Precision servo control system for a pneumatic actuator
Abstract
A precision servo control system for a pneumatic actuator has a piston positionable over a stroke of the pneumatic actuator using a supply of pressurized gas. A brake and a sensor system are connected to the actuator and to the servo control system. The servo control system operates to initiate the forward thrust from the pressurized gas to move the piston along the stroke. When a braking point along the stroke is determined, the servo control system initiates a reverse thrust from the pressurized gas while maintaining the forward thrust and simultaneously begins to selectively apply the brake to stop the piston within a predetermined tolerance of a desired stopping position. The precision servo control system is easily programmable in a manner similar to that of a control system for electrical actuators. The precision servo control system can maintain the predetermined tolerance even under changing loads, long stroke lengths or vertically oriented stroke directions. The precision control servo system preferably utilizes simple directional valves, instead of complex and expensive servo valves, to regulate the pressurized gas.
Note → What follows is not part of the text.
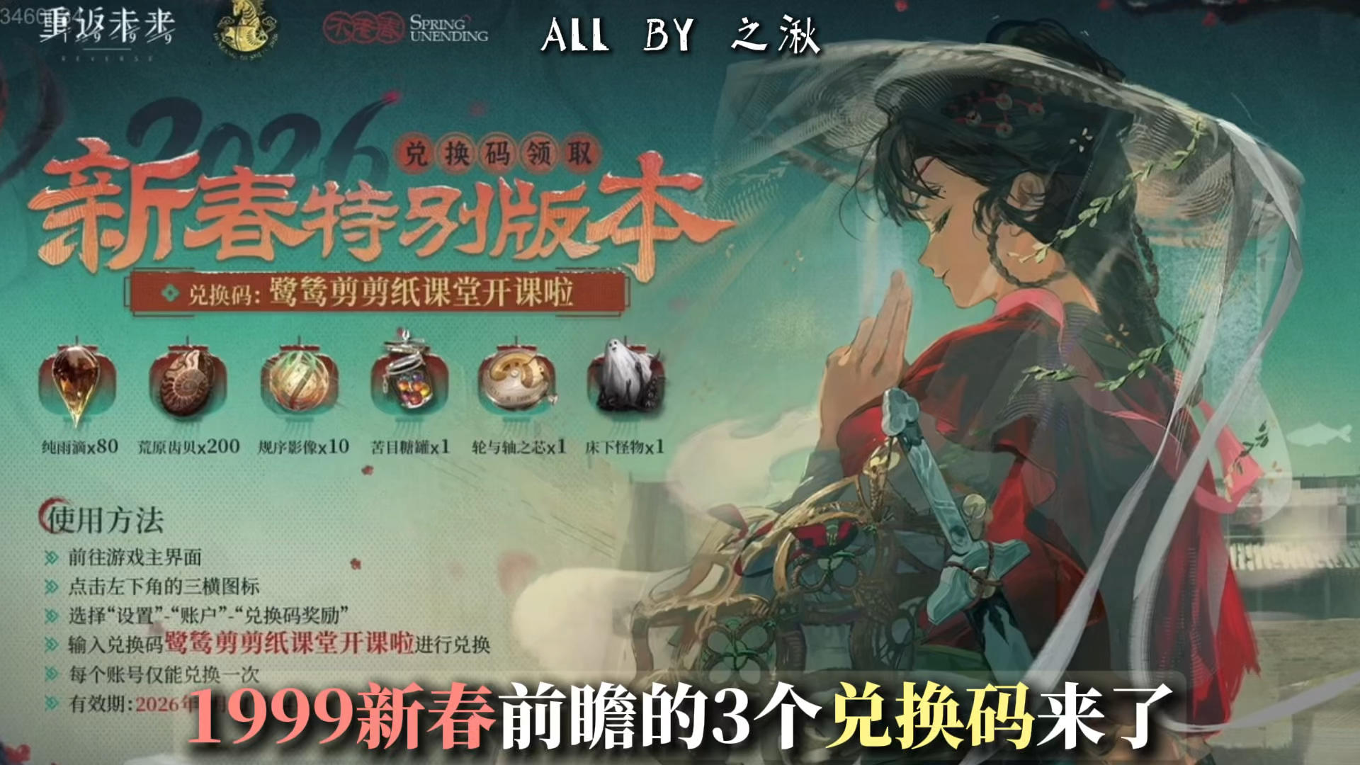 大家好呀! 这是重返未来2026新春特别前瞻节目兑换码。等直播开始之后,我会将兑换码发在笔记的照片,正问和评论区中,请各位记得查收。最后祝各位司辰欧气爆棚,单抽出金,十连满塑!✨————————————————————————⏰兑换码将于2026年1月11日24点之前有效,请各位司辰及时兑换!▪️兑换码1: 鹭鸶剪剪纸课堂开课啦▪️兑换码2: 小程巡检巡检中▪️兑换码3: 1月20日

The precision servo control system achieves positional accuracy to a predetermined tolerance that is a fixed value, regardless of the stroke length.
Claims
exact text as granted — not AI-modifiedWhat is claimed is:
1. An automated method of controlling a pneumatic actuator operably connected to a piston in a chamber and to a proportional brake wherein a sensor system generates measurement values representative of a movement of the piston, the method comprising:
supplying a pressurized gas to a forward side of the piston to accelerate the piston along a stroke; and
beginning at a deceleration point along the stroke that is determined at least in part in response to the measurement values generated by the sensor system,
supplying the pressurized gas to a reverse side of the piston while continuing to supply the pressurized gas to the forward side of the piston; and
selectively activating the proportional brake in response to the measurement values generated by the sensor system to stop the pneumatic actuator within a predetermined tolerance of a desired stopping position.
2. The method of claim 1 wherein upon reaching a predetermined condition after the deceleration point is determined and at least in part in response to the measurement values generated by the sensor system, the pressurized gas is discontinued to the reverse side of the piston but is continued to be supplied to the forward side of the piston.
3. The method of claim 1 wherein the tolerance is a fixed value that is determined distinct from a percentage of a length of the stroke.
4. The method of claim 1 further comprising:
entering a motion profile prior to any movement of the piston; and
selectively activating the brake in response to the measurement values generated by the sensor system to provide servo control during movement of the piston in accordance with the motion profile.
5. The method of claim 1 wherein the proportional brake is activated to control a velocity of the piston during acceleration of the piston.
6. An automated method of controlling a pneumatic actuator operably connected to a piston in a chamber and to a brake wherein a sensor system generates measurement values representative of a movement of the piston, the method comprising:
supplying a pressurized gas to a forward side of the piston to accelerate the piston along a stroke; and
beginning at a deceleration point along the stroke that is determined at least in part in response to the measurement values generated by the sensor system,
supplying the pressurized gas to a reverse side of the piston while continuing to supply the pressurized gas to the forward side of the piston; and
selectively activating the brake in response to the measurement values generated by the sensor system to stop the pneumatic actuator within a predetermined tolerance of a desired stopping position,
wherein after at a predetermined condition after the deceleration point is determined at least in part in response to the measurement values generated by the sensor system the pressurized gas is discontinued to the reverse side of the piston but is continued to be supplied to the forward side of the piston; and
wherein the predetermined condition is the first of a defined percentage of a distance from the deceleration point to the desired stopping position and a defined percentage reduction in a velocity of the piston.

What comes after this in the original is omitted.